Shannon has enjoyed her grandfather’s presence.

“It’s been neat,” Shannon said. “I’ve always seen my grandpa and brother work out with basketball and that’s something they could share that they loved. It’s been nice to teach my grandpa something that I really like. It took him a while to figure everything out and we had to teach him the words. But to see him get into it is really gratifying.

“If it was just me I’d probably come out here some days and just kick the ball against the wall for 10 minutes just to say I worked out. It’s a lot easier to come out with someone pushing you. I don’t think I would have done this if he hadn’t come out.”

During a typical workout Shannon will work on agility, turns, attacks, footwork, shooting and other individual aspects. Don Donoher also implemented one basketball drill that he says “is nothing but effort for 30 seconds.” A dented down spout displays scars from Shannon’s kicks – all of which have not hit their mark – unlike grandpa’s words.
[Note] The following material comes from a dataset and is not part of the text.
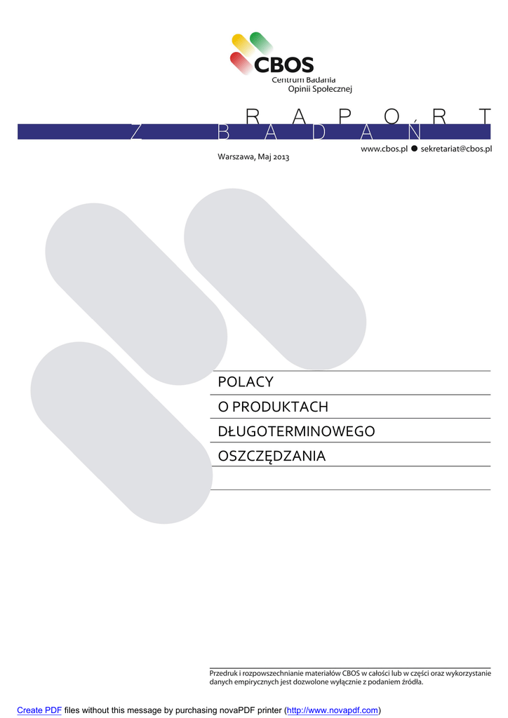 Warszawa, Maj 2013 POLACY O PRODUKTACH DŁUGOTERMINOWEGO OSZCZĘDZANIA Create PDF files without this message by purchasing novaPDF printer (http://www.novapdf.com) Informacja o badaniu Badanie na temat zainteresowania Polaków produktami finansowymi, które służą długoterminowemu oszczędzaniu na przyszłość zostało zrealizowane przez Fundację Centrum Badania Opinii Społecznej (CBOS) na zlecenie Izby Zarządzających Funduszami i Aktywami. Badanie przeprowadzono w dniach 9-15 maja 2013 roku na liczącej 1101 osób reprezentatywnej próbie losowej dorosłych mieszkańców Polski. Było ono częścią majowego omnibusa CBOS. Próba została wylosowana z systemu PESEL. Wywiady zrealizowano metodą face-to-face przy zastosowaniu CAPI (Computer Assisted Personal Interviewing). Strona | 1 Create PDF files without this message by purchasing novaPDF printer (http://www.novapdf.com) Znajomość i korzystanie z produktów finansowych Znajomość produktów finansowych, które mogą służyć długoterminowemu oszczędzaniu np. z myślą o emeryturze nie jest w polskim społeczeństwie duża. Niewielu badanych deklaruje również posiadanie tego typu produktów. Najbardziej popularnym spośród czterech produktów, których dotyczyło badanie, jest obecnie Indywidualne Konto Emerytalne (IKE) – zna go przynajmniej ze słyszenia 63% dorosłych Polaków. Prawie połowa badanych słyszała o Programach Systematycznego Oszczędzania (PSO) i Indywidualnych Kontach Zabezpieczenia Emerytalnego (IKZE). Najmniej znane są Pracownicze Programy Emerytalne, o których słyszała ponad jedna trzecia badanych. Z deklaracji badanych wynika, że Indywidualne Konta Emerytalne, to nie tylko najbardziej znane, ale także najczęściej wykorzystywane produkty – 28% twierdzi, że wie czym jest ten produkt, choć go nie posiada, a 11% deklaruje jego posiadanie. Posiadanie pozostałych produktów jest znacznie mniej rozpowszechnione, mniej Polaków deklaruje też wiedzę na ich temat. RYS. 1. Czy wie Pan(i), czym są następujące produkty: Wiem, czym jest ten produkt i posiadam go Wiem, czym jest ten produkt, ale go nie posiadam Kojarzę tylko nazwę tego produktu, ale nie wiem dokładnie, czym jest Nigdy o tym nie słyszałem/-łam Odmowa odpowiedzi Indywidualne Konto Emerytalne (IKE) 11 28 Programy Systematycznego Oszczędzania (PSO) 3 21 Indywidualne Konto Zabezpieczenia Emerytalnego (IKZE) 3 20 Pracownicze Programy Emerytalne (PPE) 3 16 24 23 23 20 36 (%) 1 52 1 54 1 61 Przeprowadzone analizy wielozmiennowe1 wykazały, iż zarówno wiedzę, jak i korzystanie z wymienionych w pytaniu produktów różnicuje przede wszystkim poziom wykształcenia badanych, ich wiek oraz sytuacja na rynku pracy. 1 Wykorzystano moduł IBM SPSS Decision Trees. Strona | 2 Create PDF files without this message by purchasing novaPDF printer (http://www.novapdf.com) Wiedza o istnieniu wszystkich wymienionych produktów jest najbardziej rozpowszechniona wśród osób z wyższym wykształceniem. Badani z tej grupy także najczęściej deklarują, że wiedzą, czym konkretnie są te produkty, jednak jedynie w przypadku IKE osoby z grupy najlepiej wykształconych znacząco częściej niż pozostali badani deklarują posiadanie tego produktu. Wiek najmniej różnicuje wiedzę o Programach Systematycznego Oszczędzania, choć warto zauważyć, iż najmniej osób deklarujących wiedzę na ich temat jest wśród osób poniżej 25 roku życia. Wiedzę o IKE najczęściej deklarują osoby w wieku 25-54 lata, a IKZE w niemal równym stopniu znane jest badanym w kategoriach wiekowych z przedziału 25-64 lata, natomiast znacznie rzadziej wiedzę, czym jest ten produkt deklarują osoby, które nie ukończyły 25 lat. Wiedzę na temat PPE najczęściej deklarują osoby będące w wieku 45-54 lata, natomiast na czym polegają te programy wiedzą jedynie nieliczne osoby, które nie przekroczyły 24 roku życia. Poziomem deklarowanej wiedzy na temat IKE, IKZE, PPE i PSO pozytywnie wyróżniają się osoby zajmujące stanowiska kierownicze, specjaliści z wyższym wykształceniem oraz pracownicy administracyjno-biurowi. Warto też zwrócić uwagę, iż niskim stopniem poinformowania o IKE, IKZE, PPE i PSO wyróżniają się na tle innych grup zawodowych rolnicy indywidualni, natomiast osoby prowadzące działalność gospodarczą poza rolnictwem zasadniczo nie różnią się pod tym względem od ogółu badanych. Brak wiedzy o tych produktach dominuje także wśród emerytów i rencistów, a więc osób, które nie są już aktywne zawodowo i najprawdopodobniej nie wrócą już na rynek pracy. Strona | 3 Create PDF files without this message by purchasing novaPDF printer (http://www.novapdf.com) Tabela 1 Czy wie Pan(i), czym są następujące produkty: - Indywidualne Konto Emerytalne (IKE)? Wiem, czym jest ten produkt i posiadam go Wiem, czym jest ten produkt, ale go nie posiadam Kojarzę tylko nazwę tego produktu, ale nie wiem dokładnie, czym jest Nigdy o tym nie słyszałem/ -łam Odmowa odpowiedzi 18-24 lata 7% 21% 31% 40% 2% 25-34 15% 34% 24% 25% 2% 35-44 12% 35% 27% 26% 0% 45-54 17% 35% 22% 25% 0% 55-64 8% 30% 23% 36% 3% 65 lat i więcej 4% 10% 19% 66% 1% Wykształcenie Podstawowe 4% 9% 26% 61% 0% Zasadnicze zawodowe 10% 27% 24% 38% 2% Średnie 13% 32% 25% 29% 1% Wyższe 17% 44% 21% 17% 2% Kadra kier., spec. z wyższym wykszt. 12% 52% 23% 12% 1% Średni personel, technicy 32% 32% 14% 21% 0% Pracownicy adm.-biurowi 24% 52% 9% 10% 5% Pracownicy usług 14% 23% 31% 30% 2% Robotnicy wykwalifikowani 15% 32% 30% 22% 1% Robotnicy niewykwalifik. 10% 28% 22% 39% 0% Rolnicy 2% 16% 27% 54% 2% Pracujący na własny rach. 14% 25% 22% 38% 2% Renciści 7% 20% 21% 52% 1% Emeryci 4% 15% 22% 59% 1% Uczniowie i studenci 5% 20% 34% 40% 1% Bezrobotni 14% 31% 22% 33% 0% Gospodynie domowe i inni 5% 30% 27% 36% 3% Wiek Grupa społ.zaw. pracujący Bierni zawodowo Strona | 4 Create PDF files without this message by purchasing novaPDF printer (http://www.novapdf.com) Ta

“When she’d be kicking and miss the goal I’d yell at her and say ‘Badin wins…Alter wins…Carroll wins,’” Don Donoher said. “That would get her going, but she’s very motivated as is. She doesn’t need much whipping.

“And she’s not going to say much because she knows you have to get it done on the field. She has to apply what we’ve done. This is just drills. It’s just like a basketball player. You have to make application when it’s five-on-five and this is 11-on-11.”

Over the years, Shannon and Fenwick have left their mark on the girls soccer scene. What they haven’t been able to do is claim a district title. That’s hard to do in Southwest Ohio with perennial powers Hamilton Badin and Alter waiting at the district level.

This year, with nine seniors and 16 letter winners back, Fenwick – and Shannon – hope to advance to the regional. Last year the Falcons lost to eventual state runner-up Badin in the district semis in a shootout.

Rose, an Alter and UD grad, said the Falcons are “the most talented team” she’s been around and that the squad carries the most potential of any she’s been associated with. Rose expects several Fenwick seniors to continue their careers in college, although only one has already committed.

“I’m headed to Dayton,” Shannon said. “I was looking at a lot of other schools and I never really considered UD, but my parents made me take a visit there. I fell in love with the school and the UD soccer program. I knew that’s where I wanted to go.”

Shannon’s grandpa did not lead that venture.

“That’s her business, her future,” Don Donoher said. “It didn’t matter where she went to school – but it is kind of nice.

“I’ve got a closet full of Dayton stuff.”